Yay! Bunting! Cake! Matasuegras! Male strippers!
_[okay, ewie, that's enough: it's time for your lie-down now]_​


----------



## Loob

I hardly ever come to the Congrats pages. But I was tempted by the male strippers....

Oops, _she adds_, and *also* by the fact that I always enjoy and appreciate your posts, Broc. Roll on the next thousand


----------



## AngelEyes

Ooh, broccolicious...this party of Ewie's sounds too good to pass up. 1,000 posts, huh? Did you ever think you had so many things to share? They _do_ pile up when you're having fun!

Here's a little picture to make you smile.

Now let the nastiness begin.

_Did somebody mention cake? And thighs?_

I'm here for the male strippers, actually. I have my dollar bills and my binoculars...sooooo...

Let's party!

Oh yes...congratulations, too.

*AngelThighsEyes*


----------



## JamesM

Congratulations, Broccolicious...  so glad to have you around!

James


----------



## Broccolicious

Awww... you guys / gals / chorus line!! 

 Thank you - I'm genuinely touched (what a swell party this is) - but I gain much, MUCH more than I give here. (Wow - this really IS my kind of party!)


----------



## Broccolicious

AngelEyes said:


> I have my dollar bills and my binoculars...


 
Binoculars? What are you suggesting about our male foreros?!


----------



## AngelEyes

Broccolicious said:


> Binoculars? What are you suggesting about our male foreros?!


 


They're part of my backup plan. Just in case you wild female Brits _(She points at Loob and Broc) _stand on your chairs and whistle at the talent up there. 

I'll get pushed to the back and I'll have to duck around and peek and grab flashes of the good parts. 

Ewie did say there was cake, though, didn't he? That's good, too.

*AngelEyes*


----------



## Chaska Ñawi

I brought some cake to share - there should be enough to go round once the male strippers have all left to write their names in the snow.  
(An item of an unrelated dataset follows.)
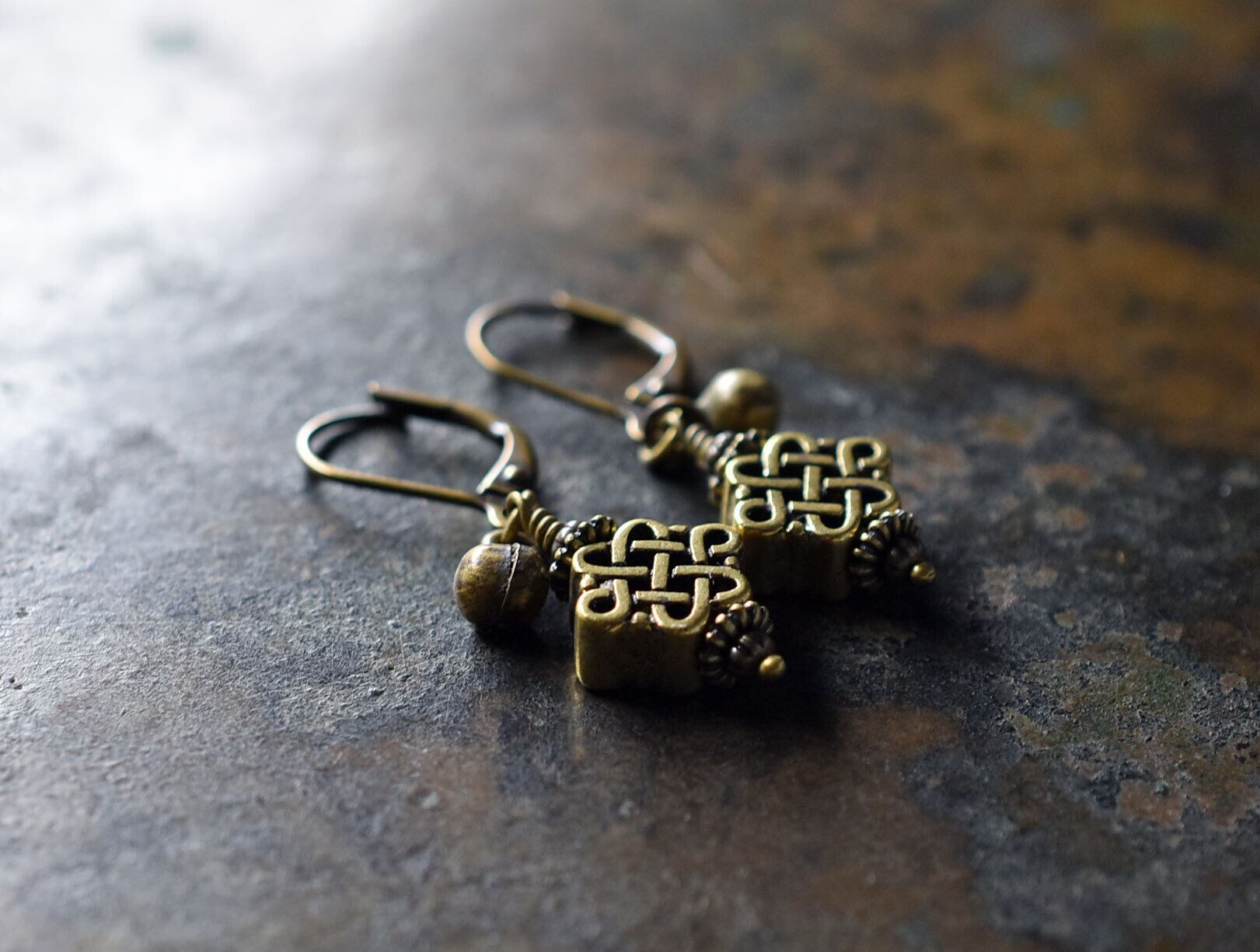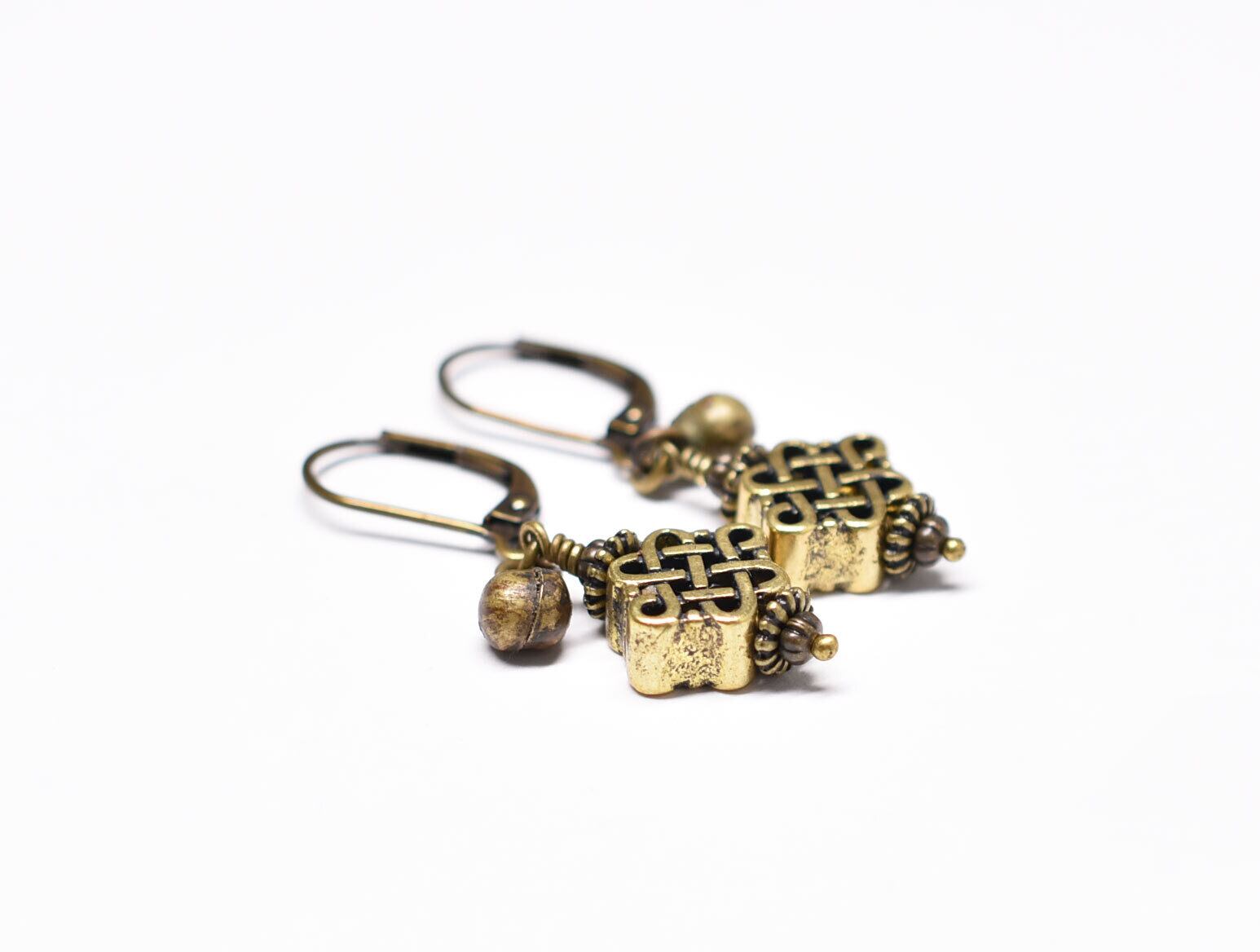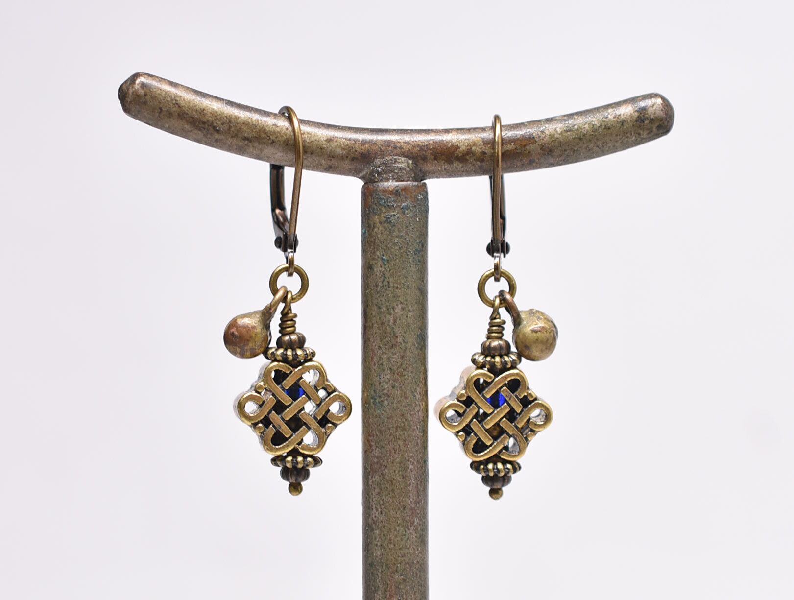 真鍮のエンドレスノットと民族鈴を繋いだピアスです。

And where should I put this armload of seedy videos?  

I saw Dobbin tied to the front porch, so I thought that Emma was here at first .... but now I think that Ewie must have ridden him over.

Um .... where was I?

Oh, yes ....

 *congratulations!!!!​*


----------



## Topsie

* Congratulations!*
I was going to bring a bottle of my famous broccoli wine, but I thought my friends here:http://images.zwani.com/graphics/funny_pictures/images/men7qi.gif http://images.zwani.com/graphics/funny_pictures/images/men7qi.gif might liven the party up a bit!
(After all ewie said we could - and he's a mod!)​


----------



## ewie

Chaska Ñawi said:


> I saw Dobbin tied to the front porch, so I thought that Emma was here at first .... but now I think that Ewie must have ridden him over.



Couldn't possibly comment.

Topsiez, your picture gave me motion sickness after about ½ an hour.


----------



## AngelEyes

And this is what those guys looked like before all the female members here got through with them. 

It's amazing how a little exercise and positive motivation turned them into a group of mighty fine _Broc_ entertainers.

*AngelEyes*

P.S.
Who's Dobbin? Oh, wait. Is that Emma's horse?


----------



## Broccolicious

Ah, Dobbin! How I've missed him!! Topsie and AngelEyes, thank you for my new screensaver and my family Christmas photo, respectively!

Mmm... the Brocquettes? Now there's a gap in the market...


----------